- RECORDED INFORMATION -
----------
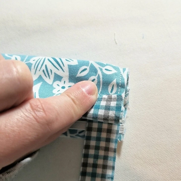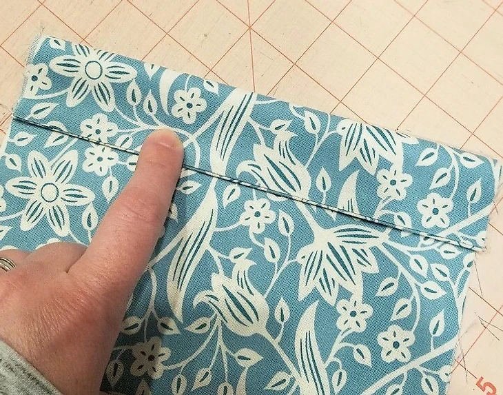 Отступите около 0,7 сантиметра от края, прострочите с помощью швейной машинки. Сделайте закрепки в начале и в конце.
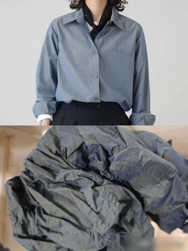 同样的衬衫,右边熨烫平整,结合白色下装,匹配度高,风格简约,立马就变得清爽时髦了很多,重拾了自己的优雅气质。
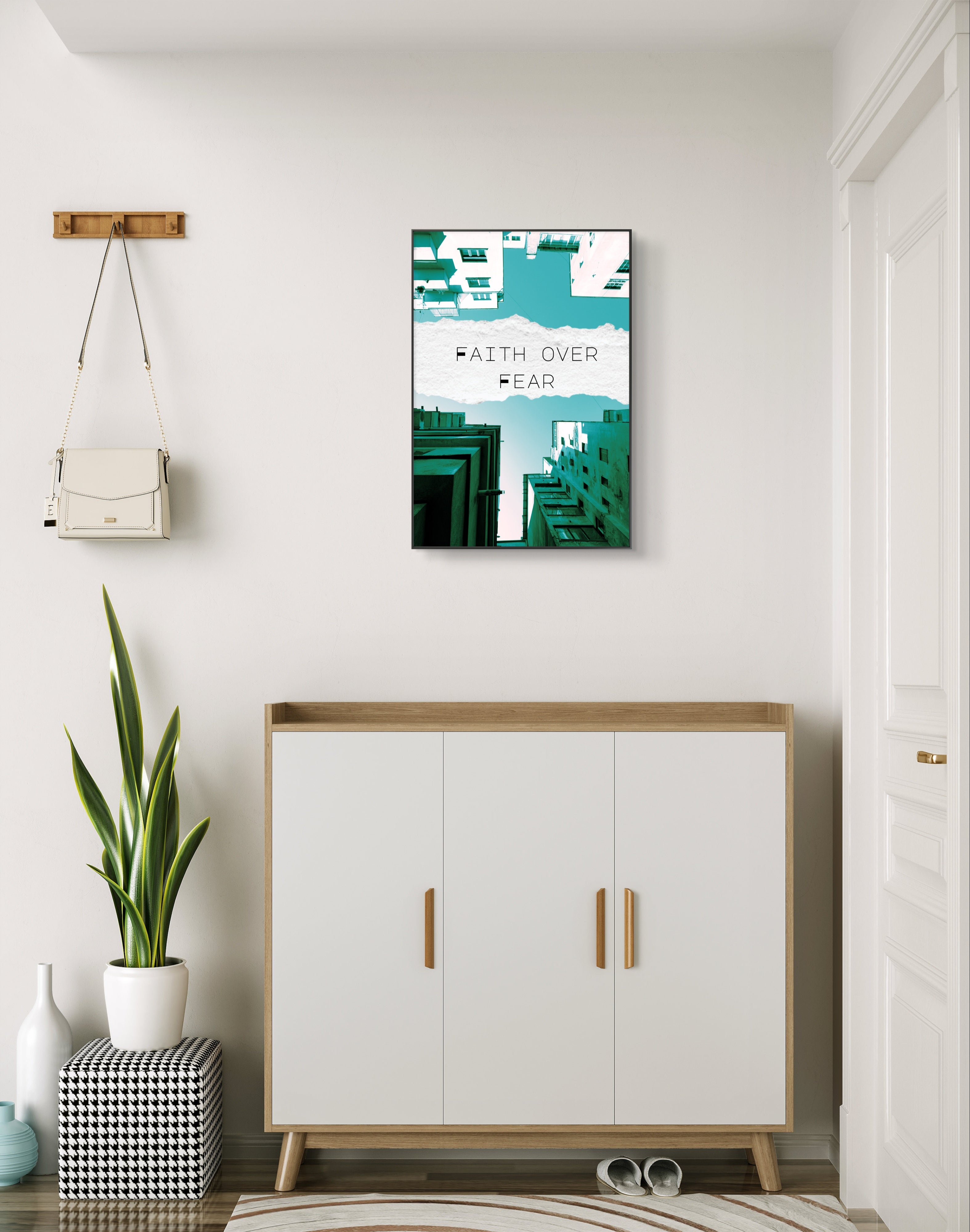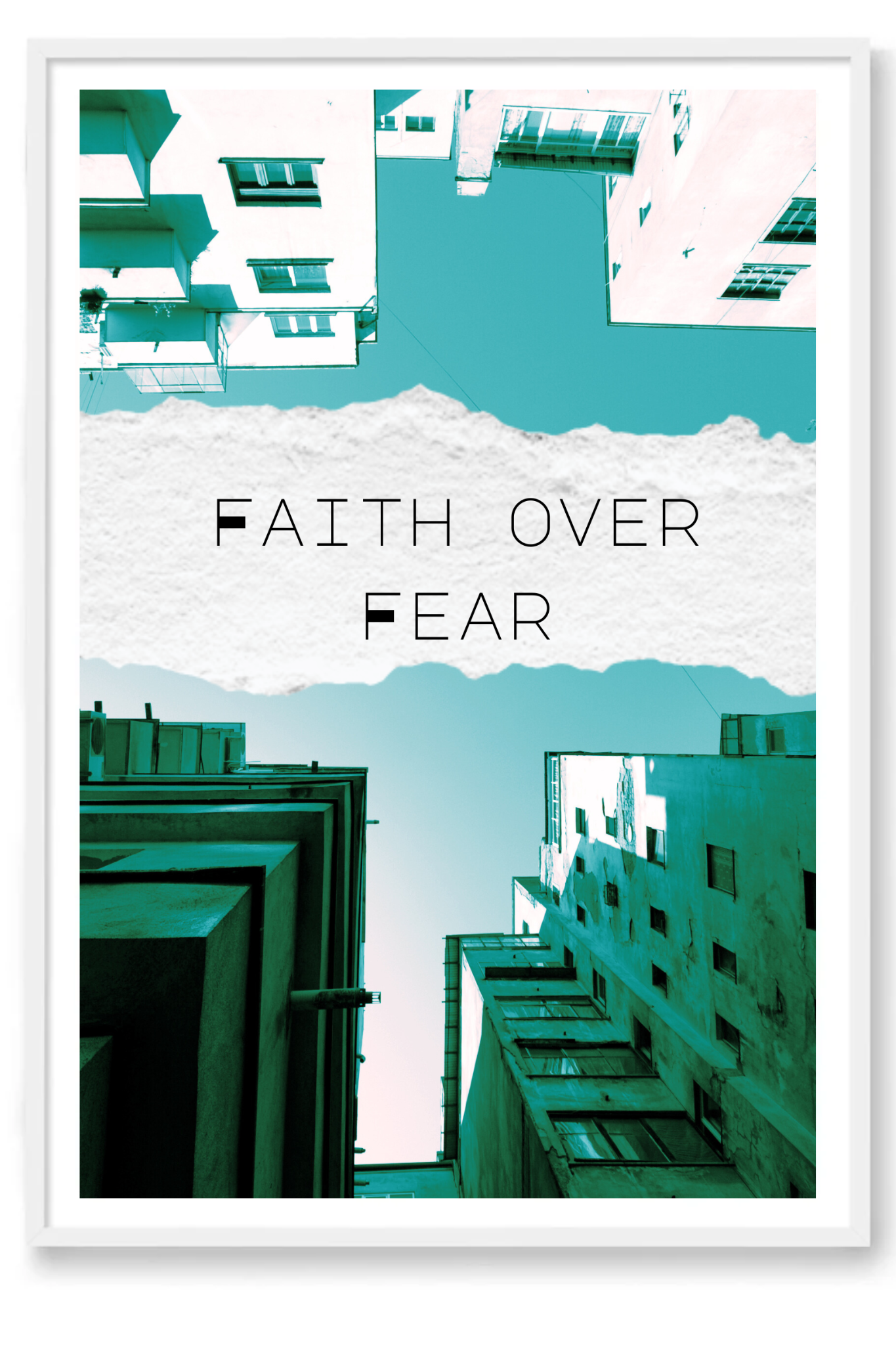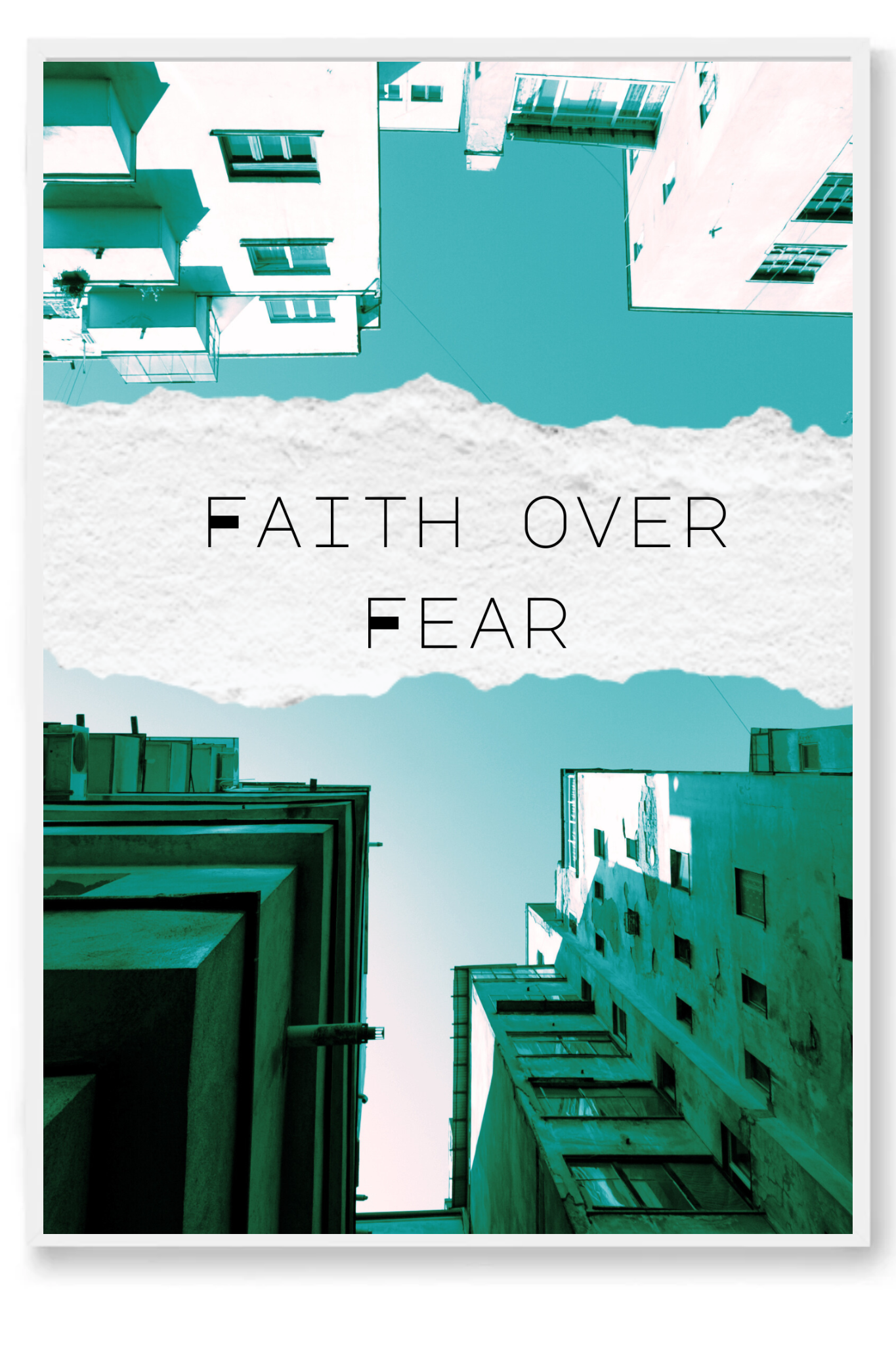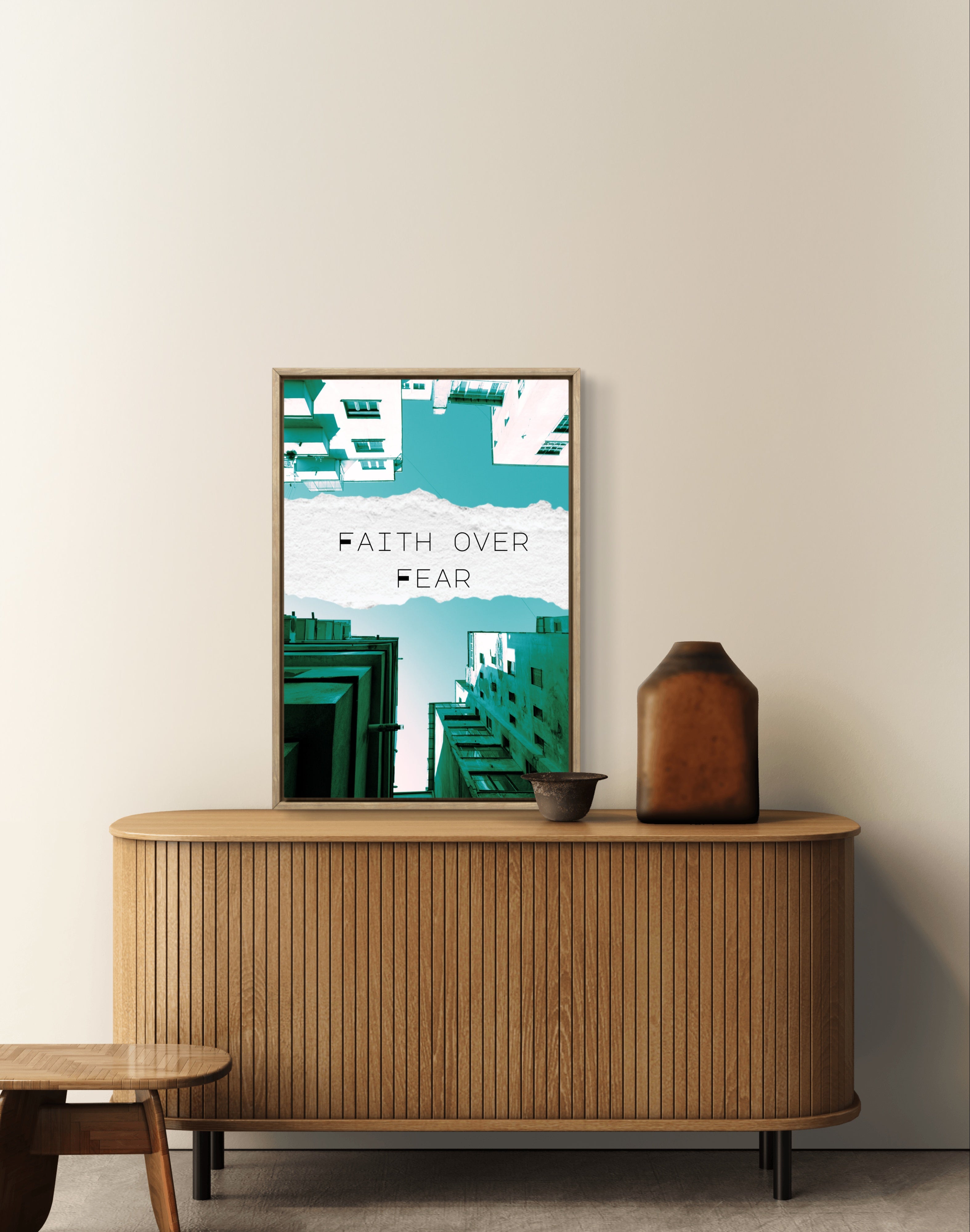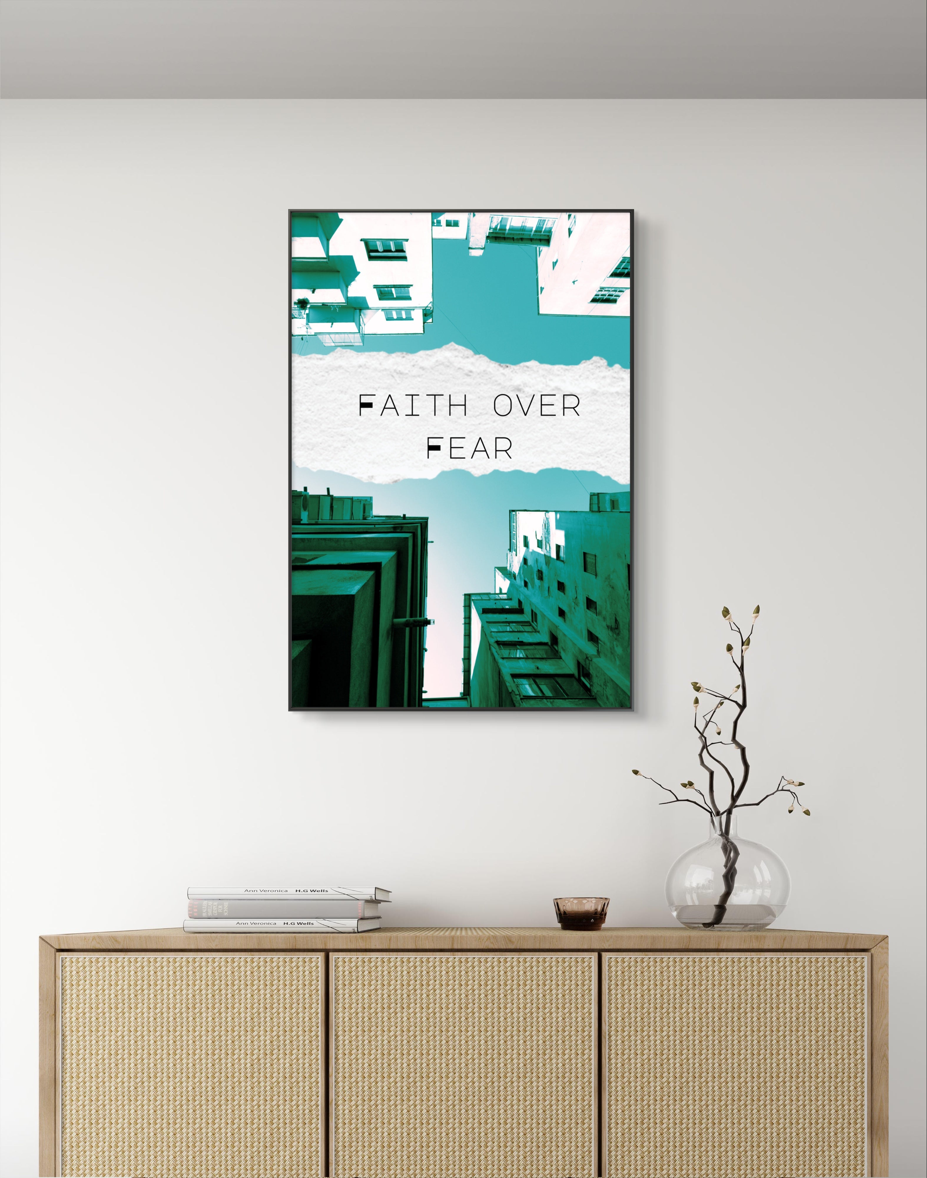 Elevate your space with Faith Over Fear, an abstract art print that powerfully combines urban architecture with an inspiring message. This striking piece captures a dramatic view of towering high-rise buildings, seen from the bottom up, which leads the eye to the expansive sky above. The cityscape, depicted in rustic greenish tones, creates a bold yet grounded visual that adds depth and character to any room.
----------
- WHAT YOU SHOULD DO -
Leaving every picture aside, repeat the listing exactly.

- SOLUTION FOR THIS EXERCISE -
 Отступите около 0,7 сантиметра от края, прострочите с помощью швейной машинки. Сделайте закрепки в начале и в конце.
 同样的衬衫,右边熨烫平整,结合白色下装,匹配度高,风格简约,立马就变得清爽时髦了很多,重拾了自己的优雅气质。
 Elevate your space with Faith Over Fear, an abstract art print that powerfully combines urban architecture with an inspiring message. This striking piece captures a dramatic view of towering high-rise buildings, seen from the bottom up, which leads the eye to the expansive sky above. The cityscape, depicted in rustic greenish tones, creates a bold yet grounded visual that adds depth and character to any room.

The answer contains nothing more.